Embeddings - runtimerevolution/labs GitHub Wiki
An embedding is a numerical representation of a real-world object, such as words, images, or videos. These representations capture the semantic meaning of the object, making them useful for various applications. For example, consider a sentence like "What is the main benefit of voting?" We can create an embedding for this sentence, represented as a vector (e.g., [0.84, 0.42, ..., 0.02]). This vector encodes the meaning of the sentence.
![]() |
|---|
| The process for turning raw data into embeddings and placing them into the vector space12 |
Embeddings can represent a wide variety of objects and data types. Common examples of things that can be embedded include:
![]() |
|---|
| Types of objects that can be embedded13 |
- Word Embeddings: These represent words in a continuous vector space. Word2Vec, GloVe, and FastText are popular word embedding techniques.
- Image Embeddings: Images can be embedded into vectors, allowing us to compare and analyze them. Convolutional neural networks (CNNs) often generate image embeddings.
- Document Embeddings: These capture the meaning of entire documents or paragraphs. Doc2Vec and BERT are examples of document embedding methods.
- Graph Embeddings: Used for graph-structured data (e.g., social networks, knowledge graphs).

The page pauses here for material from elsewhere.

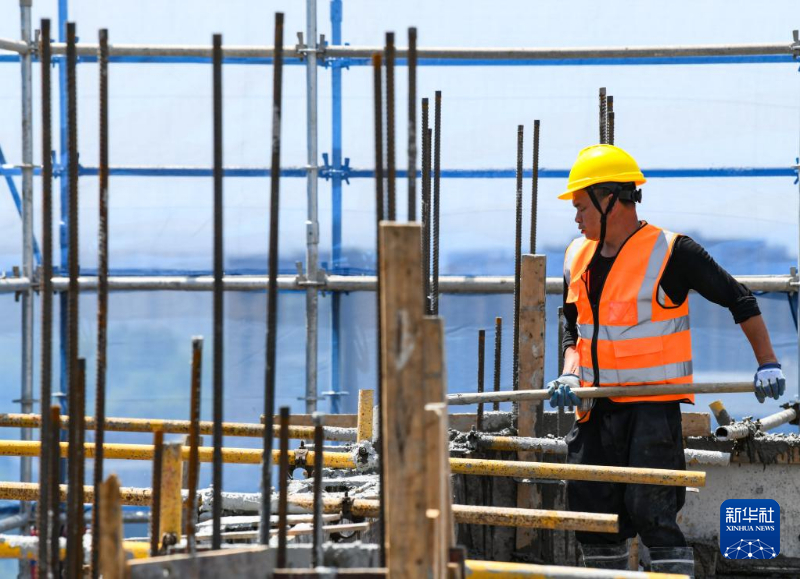 4月30日,中建三局的工人在成都芯谷产业功能区配套项目施工作业。新华社记者 王曦 摄

Graph neural networks (GNNs) create graph embeddings.
- Entity Embeddings: Represent entities (e.g., users, products) in recommendation systems.
- Time Series Embeddings: Useful for time-dependent data (e.g., stock prices, sensor readings).
- Search Engines: Google uses embeddings to match text queries to relevant documents or web pages.
- Recommendation Systems: Embeddings help recommend products, movies, or music based on user preferences.
- Chatbots: Chatbots use embeddings to understand user input and generate contextually relevant responses.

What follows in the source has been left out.